##### DATA RECORDS

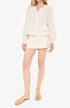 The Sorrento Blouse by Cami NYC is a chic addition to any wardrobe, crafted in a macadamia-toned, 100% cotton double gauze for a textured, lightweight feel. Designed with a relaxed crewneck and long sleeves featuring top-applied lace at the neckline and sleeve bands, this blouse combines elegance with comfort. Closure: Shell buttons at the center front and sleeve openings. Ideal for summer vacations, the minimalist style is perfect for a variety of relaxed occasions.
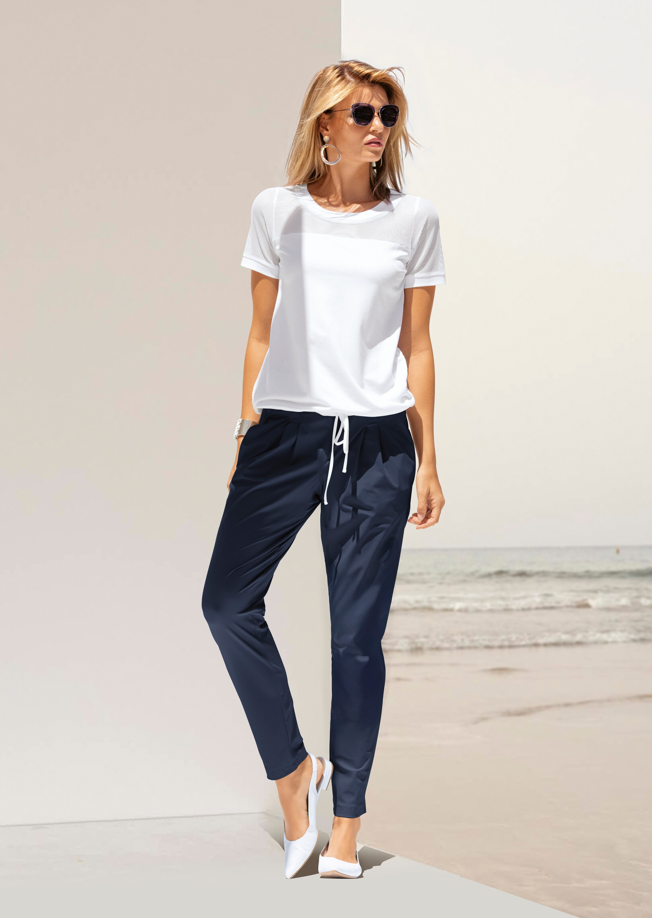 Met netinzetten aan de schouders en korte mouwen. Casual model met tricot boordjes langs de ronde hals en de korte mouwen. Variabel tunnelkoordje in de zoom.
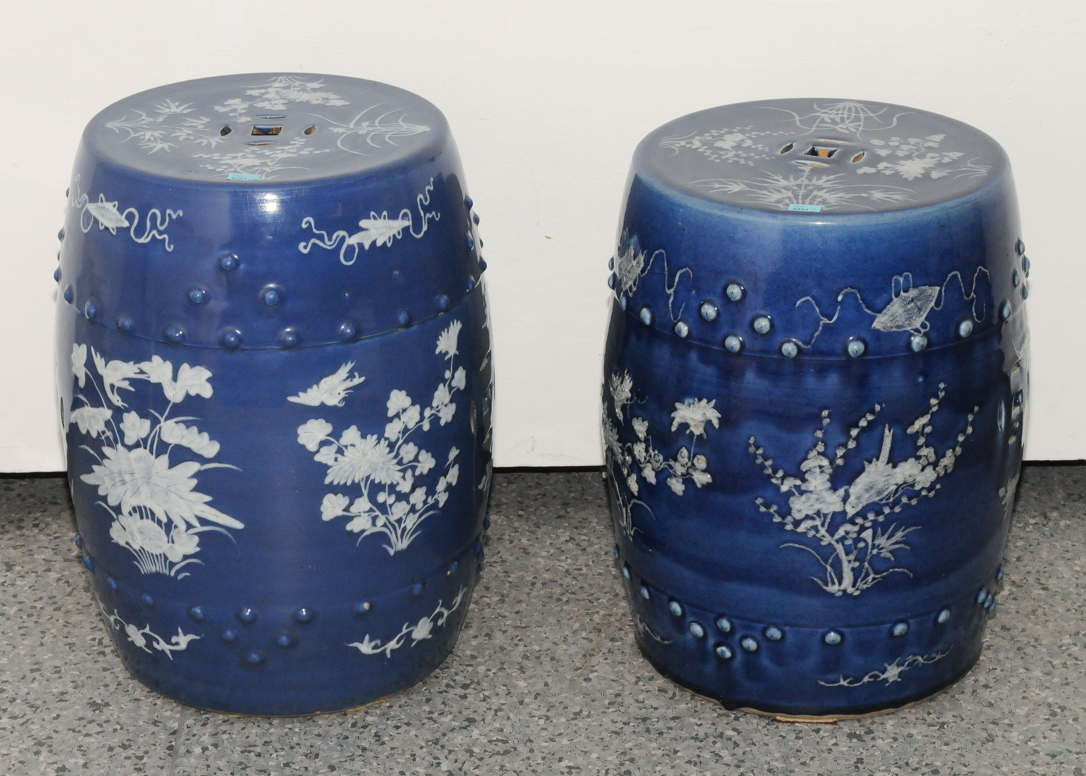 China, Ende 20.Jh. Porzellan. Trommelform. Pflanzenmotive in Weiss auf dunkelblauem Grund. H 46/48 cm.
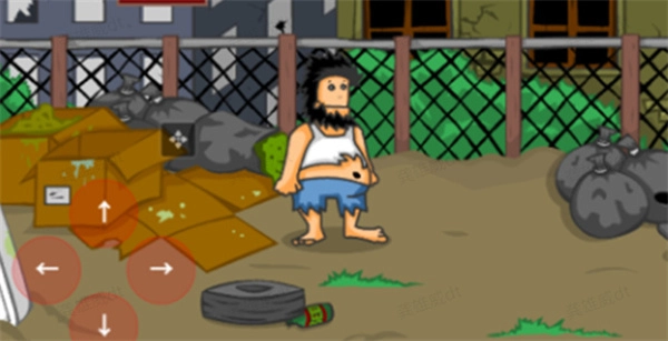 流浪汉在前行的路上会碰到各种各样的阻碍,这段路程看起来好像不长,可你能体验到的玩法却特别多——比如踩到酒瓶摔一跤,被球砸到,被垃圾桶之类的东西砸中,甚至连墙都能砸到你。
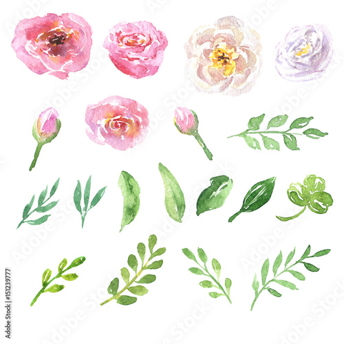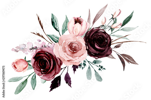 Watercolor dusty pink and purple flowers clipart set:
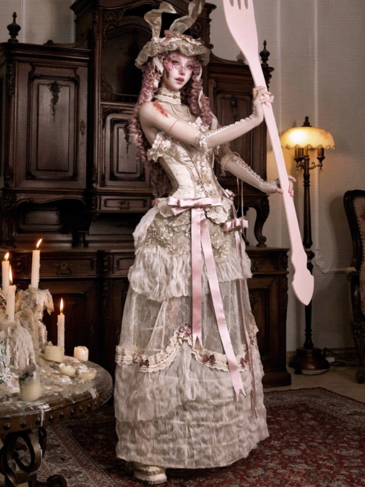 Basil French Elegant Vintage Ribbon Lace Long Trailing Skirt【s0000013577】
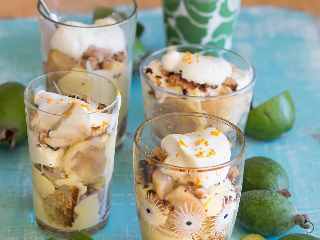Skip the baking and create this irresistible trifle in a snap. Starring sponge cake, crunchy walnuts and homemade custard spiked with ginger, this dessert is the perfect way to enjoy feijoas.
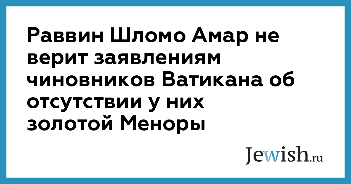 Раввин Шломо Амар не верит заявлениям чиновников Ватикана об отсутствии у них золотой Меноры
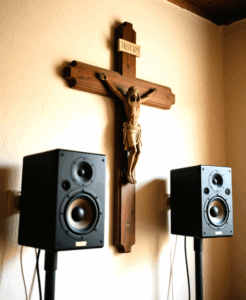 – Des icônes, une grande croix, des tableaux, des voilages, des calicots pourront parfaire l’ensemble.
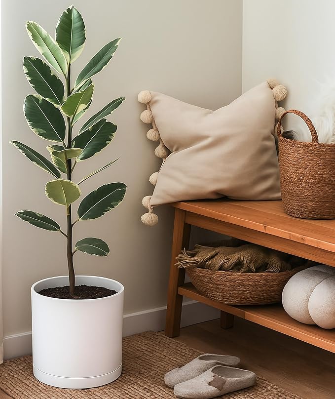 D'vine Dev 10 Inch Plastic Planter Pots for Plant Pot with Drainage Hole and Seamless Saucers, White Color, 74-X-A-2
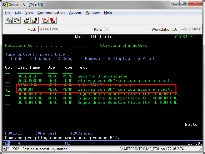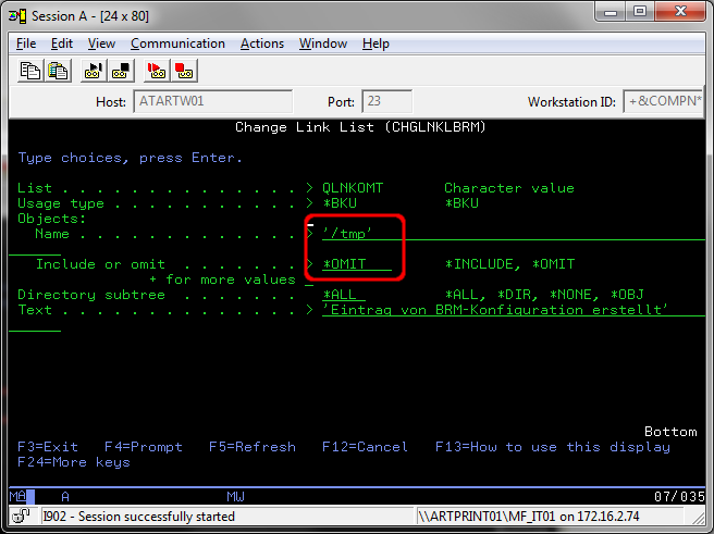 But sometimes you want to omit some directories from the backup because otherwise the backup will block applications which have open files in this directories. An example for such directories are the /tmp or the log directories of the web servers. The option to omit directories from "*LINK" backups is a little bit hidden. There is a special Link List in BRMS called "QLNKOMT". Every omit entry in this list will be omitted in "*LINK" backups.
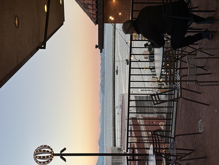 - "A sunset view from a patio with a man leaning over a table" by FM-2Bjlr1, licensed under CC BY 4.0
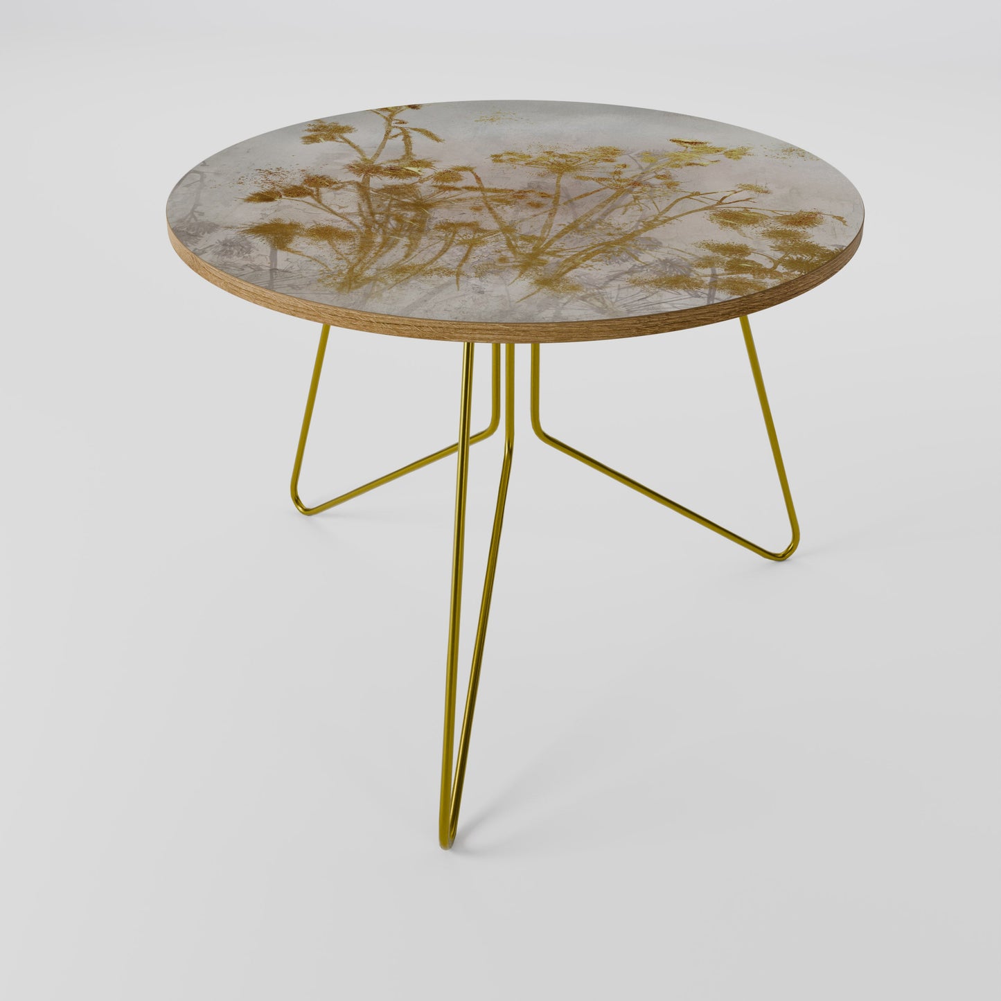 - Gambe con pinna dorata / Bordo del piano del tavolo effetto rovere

##########

WORK TO COMPLETE: The copy should begin at the line containing "Basil French Elegant" and end at the last line of the data above; please restate those lines word for word without the pictures.

EXERCISE ANSWER:
 Basil French Elegant Vintage Ribbon Lace Long Trailing Skirt【s0000013577】
Skip the baking and create this irresistible trifle in a snap. Starring sponge cake, crunchy walnuts and homemade custard spiked with ginger, this dessert is the perfect way to enjoy feijoas.
 Раввин Шломо Амар не верит заявлениям чиновников Ватикана об отсутствии у них золотой Меноры
 – Des icônes, une grande croix, des tableaux, des voilages, des calicots pourront parfaire l’ensemble.
 D'vine Dev 10 Inch Plastic Planter Pots for Plant Pot with Drainage Hole and Seamless Saucers, White Color, 74-X-A-2
 But sometimes you want to omit some directories from the backup because otherwise the backup will block applications which have open files in this directories. An example for such directories are the /tmp or the log directories of the web servers. The option to omit directories from "*LINK" backups is a little bit hidden. There is a special Link List in BRMS called "QLNKOMT". Every omit entry in this list will be omitted in "*LINK" backups.
 - "A sunset view from a patio with a man leaning over a table" by FM-2Bjlr1, licensed under CC BY 4.0
 - Gambe con pinna dorata / Bordo del piano del tavolo effetto rovere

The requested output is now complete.